LLM technology is bound to impact software development. The job will continue to exist but there will be some change in what the role involves with AI performing the role of a smart assistant. A Human-Assisted AI (HAAI) paradigm likely to dominate as more developer tooling integrates AI support. As the GitHub survey data reveals, the path to the future has already crept uneasily towards a Brautigan vision of humans “all watched over by machines of loving grace”. A centaur; half human, half machine. AI can provide a glimpse into a world where we are turned into one The Avengers and who doesn’t want that? Simon Willison has written persuasively about this topic. Of course people will want the magic sauce if it makes them more productive than the competition. He calls it AI-enhanced development.
This IEEE hosted post, however, offers a far more sceptical response, warning that AI-generated code is ultimately just a confabulation like everything else spouted by LLMs.
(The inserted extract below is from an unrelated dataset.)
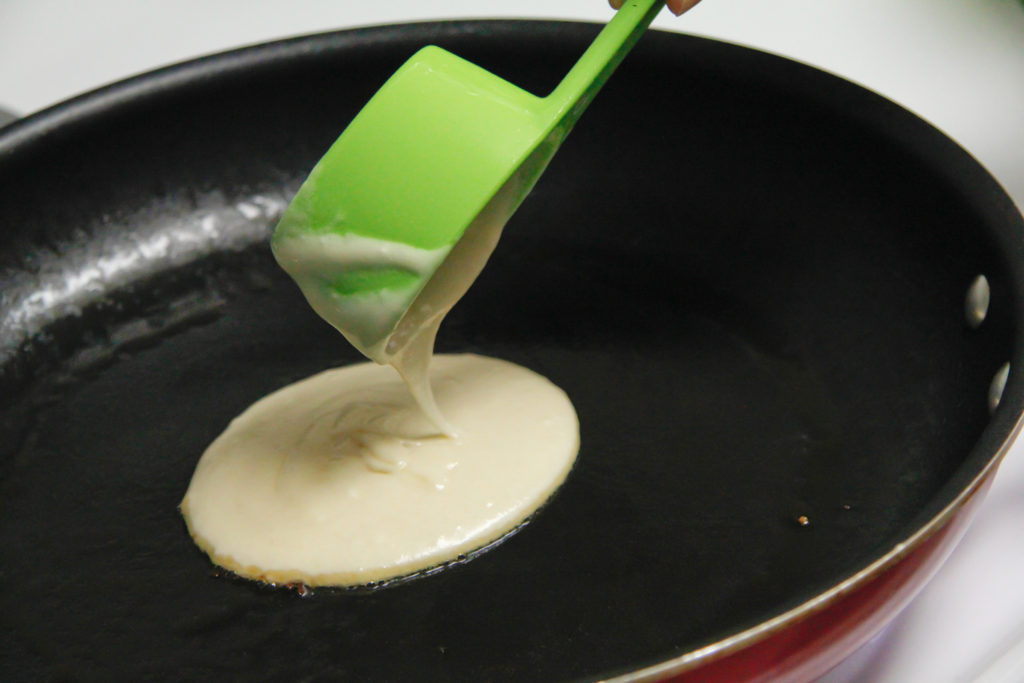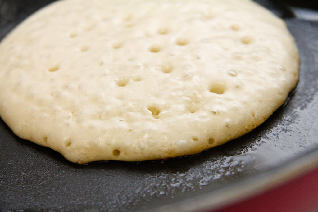 It’s a good idea to use a ¼ cup measuring cup to scoop out the proper amount of batter for each pancake. This is particularly useful if you’re making multiple pancakes at one time on a long griddle. That way they cook at the same time.

Large language models create a conundrum for the future of programming. While it’s easy enough to create a fragment of code to tackle a straightforward task, the development of robust software for complex applications is a tricky art, one that requires significant training and experience. Even as the application of large language models for programming deservedly continues to grow, we can’t forget the dangers of its ill-considered use.
Forrest Brazeal is also not overwhelmed by the prospect of AI coding suggesting that all AI is good for is boilerplate related tasks and not things that really slow down developers which are mostly related to workplace pathology:
As others have observed, LLMs definitely have a role to play in the future in software development. Today their impact is largely being felt through the GPT family of models with many developers engaging through use of ChatGPT. LLMs will increasingly be integrated in developer tooling and provide support at different points throughout the workflow. Their introduction is unlikely to result in mass technological unemployment amongst the ranks of software engineers but the nature of work will change. Those developers that don’t embrace that change and learn to engage with all the new tools are likely to get left behind over time. The next stage is therefore the arrival of an programmer’s assistant to assume the role of interpreter and executor of human developer commands. A return to a more ancient time in a sense, a world of magic where speech and thought are converted to code that will inevitably be executed too at some point soon. Such wonders would have been indistinguishable from spells and incantations for our forebears and maybe will be for many alive today that see it. In a sense AI is creating a new form of Daimonic Reality that exists outside our normal understanding of what is natural. In the realm of the supernatural. Spells can be negative too; the namshub from Snowcrash was fatal. It’s very likely that the output from AI coding assistants will wreak havoc in the world if blindly adopted without scrutiny. It pays to be sceptical or at least trust but verify. In this world, it would be wise to remember the cautionary tale of the Sorcerer’s Apprentice, in the guise of a coding assistant. The Source-rer’s Apprentice if you like introducing chaos into code through means we are yet only dimly aware of:
The worst A.I. risks are the ones we can’t anticipate. And the more time I spend with A.I. systems like GPT-4, the less I’m convinced that we know half of what’s coming.